O país marcou passo no que se refere à sua pauta de exportações, concentrando as receitas nos produtos cujas vendas crescem menos quando a demanda externa aumenta (commodities agrícolas e industriais) e tornando as exportações mais dependentes de mercados e países (América Latina) que estão encalacrados na recessão e em problemas graves de financiamento do balanço de pagamentos. Por isso mesmo, não é fácil aumentar o grau de abertura da economia a curto prazo.
A recente desvalorização cambial vai, é claro, melhorar essa situação: o real mais fraco estimula as exportações e encarece as importações. Muita gente esquece, no entanto, que as dificuldades vão além do estímulo à produção corrente e à ocupação da capacidade já instalada. A dilaceração de algumas cadeias produtivas pelo "real forte" e a estagnação dos investimentos só serão reparadas com o aumento imediato dos gastos na formação de nova capacidade, o que vai reclamar políticas adequadas de crédito e outros estímulos. Sem essa providência, as taxas de crescimento sonhadas vão "consumir" rapidamente as "sobras" de capacidade na siderurgia, na petroquímica e em outros insumos e exacerbar os "buracos" nos setores de tecnologia avançada.
Estamos, portanto, trabalhando com a hipótese de um crescimento rápido do dispêndio agregado. Se isso é assim, a combinação entre crescimento elevado e aumento do saldo comercial vai impor um maior "vazamento" da renda criada para os reservatórios de poupança voluntária ou fiscal. Não se trata aqui de anuir à tese da poupança macroeconômica como condição prévia para o investimento. No caso em exame, a exigência de um aumento na "taxa de poupança" tem a ver com a necessidade de economizar moeda forte e formar reservas alentadas. Isso significa desenhar caminho de expansão da economia em que o investimento e as exportações comandem o espetáculo. O consumo cresce, mas a um ritmo inferior ao do investimento e ao da renda e abaixo do avanço das exportações.
Dada a desigualdade distributiva vigente no país, o desejo de combinar crescimento elevado e aumento do saldo comercial só pode ser satisfeito se houver: 1) uma política muito agressiva de exportações, 2) uma mudança na composição da demanda doméstica (estimulando a construção civil e a produção de bens populares com baixo conteúdo importado) e 3) uma política tributária e de gasto público capaz de moderar a expansão do consumo das camadas de alta renda na mesma proporção em que permite o crescimento da renda dos mais pobres.
É bom não esquecer: a privatização dos serviços públicos, como eletricidade, telefonia, água e esgoto, e a venda de grandes cadeias de lojas, supermercados e outros negócios de prestação de serviços vêm dando uma grande contribuição para o rombo do balanço de serviços. Essas atividades vendem e compram em moeda nacional, em reais, mas remetem lucros ao exterior em dólares.

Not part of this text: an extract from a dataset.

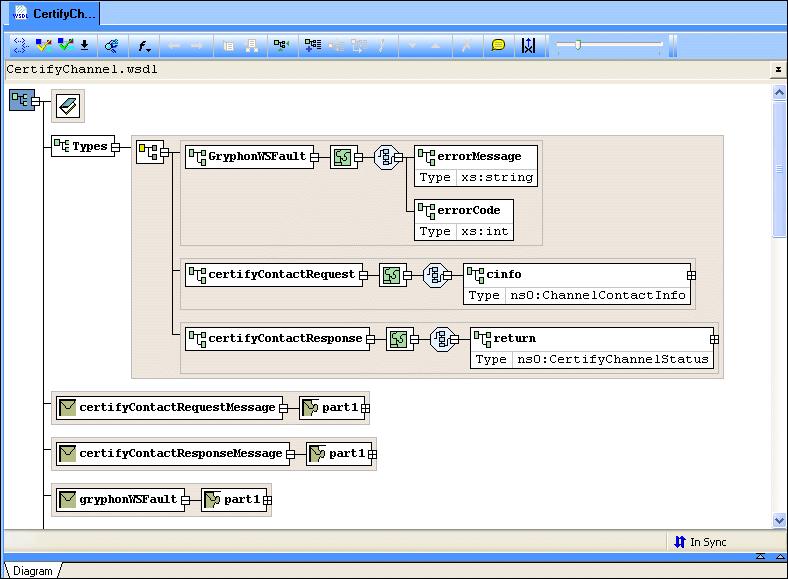Home > Online Product Documentation > Table of Contents > Diagram Pane Diagram PaneThe diagram pane contains graphical representations of the elements, attributes, and other nodes that make up a WSDL document, including elements from any XML Schema associated with the WSDL.

Isso significa que o dinheiro que entrou no país como investimento direto vai vazar permanentemente para o estrangeiro sob a forma de remessas de rendimentos. Se a economia crescer 5% ao ano, o déficit de serviços -incluído o pagamento de juros- poderá voltar rapidamente a mais de US$ 25 bilhões nos próximos dois anos.


Luiz Gonzaga Belluzzo, 59, é professor titular de Economia da Unicamp (Universidade de Campinas). Foi chefe da Secretaria Especial de Assuntos Econômicos do Ministério da Fazenda (governo Sarney) e secretário de Ciência e Tecnologia do Estado de São Paulo (governo Quércia).